Паводок
Шрифт:
Неожиданно она остановилась, обернулась ко мне.
— Господи, я забыла выключить плиту! — В тот же миг она поскользнулась и потеряла равновесие.
Я швырнул чемодан на тот берег, бросился вперед и успел поймать ее, иначе бы она уплыла в Квенну. Мамаша молча лежала, вцепившись в свои узлы, барахтая ногами в мутной воде. Я подхватил ее под мышки, перетащил на другую сторону. Она села, отвела с глаз спутанные мокрые волосы, взглянула на меня.
— Ты не ушиблась?
— Нет! А ты?
— Да нет, в общем-то.
Остальные смотрели на нас. А мы на них. И вдруг все разом рассмеялись. Кроме меня. Мне этакое веселье действует на нервы. Я помог матери встать на ноги. Нина открыла чемодан, вытащила полотенце и сухую одежду. Мы с Тросетом отвернулись — мамаше надо переодеться.
— Шустрый ты, ровно молния метнулся.
— Не смотрите! — крикнула мать.
Как только она переоделась, мы пошли дальше.

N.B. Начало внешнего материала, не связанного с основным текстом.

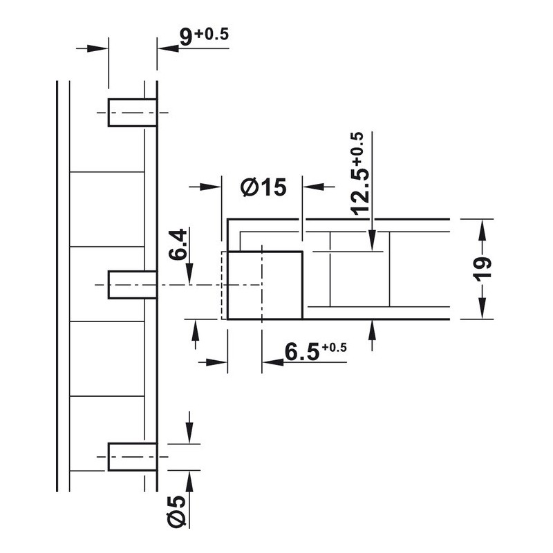 • Sett inn bæredelen i Ø5 mm borehull og klapp ned.

Мать шла впереди, энергичными короткими шагами. Я знал, ей до смерти хотелось явиться в Мелхус этакой промокшей, бездомной бродяжкой,
У подножия очередного холма Нина остановилась. Села на камень возле канавы, вытряхнула что-то из ботинка.
Мамаша уже была наверху и звала нас. Махала руками, показывая на реку. Нина обулась и пошла к ней. Я подхватил чемоданы, двинулся следом. Мамаша, прищурясь, смотрела в сторону Вассхёуга. Трое скотников выгоняли бычков с огороженного пастбища, что пониже усадьбы. Но мамаша смотрела не на них.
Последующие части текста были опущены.